Bisexualidad: Hacia una teoría comparativa de las identidades y de la cultura



Por Gilbert Herat y Andrew Boxer



1 Cuatro nociones de bisexualidad 

2 Identidad sexual y bisexualidad 

3 Sistemas de identidad culturales 

4 Primer paradigma: Los sambia de Papúa Nueva Guinea 

5 Segundo paradigma: adolescentes urbanos de Chicago 

6 Conclusión 





La comprensión del comportamiento sexual y de la identidad en el ser humano se ha visto perturbada por el desconcierto causado por algunos problemas poco usuales en la conceptualización y representación de la relación entre el potencial y la expresión eróticos, por un lado, y el desarrollo de la identidad y el entorno social por el otro; en ningún otro lugar estos problemas son más confusos que en la “bisexualidad”.
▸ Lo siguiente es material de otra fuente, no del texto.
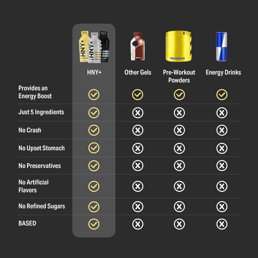 Most energy gels are packed with processed sugars and artificial additives. HNY+ is built around organic honey — a natural carb source your body can absorb quickly without the crash. We keep the formula simple: honey for clean energy, electrolytes to keep you balanced, and natural caffeine in the Buzz gels if you want an extra boost. No junk, no weird aftertaste, and no ingredients you can’t pronounce. Just real fuel that actually works.

1. Cuatro nociones de bisexualidad.




Podemos hablar de cuatro dimensiones de la “bisexualidad”:

1. Bisexualidad biológica atracción sexual por ambos sexos como impulso innato
2. Bisexualidad psicológica relaciones con ambos sexos como autofunción 
3. Bisexualidad conductual relaciones con ambos sexos como conducta interpersonal
4. Bisexualidad cultural relaciones con ambos sexos como idea cultural.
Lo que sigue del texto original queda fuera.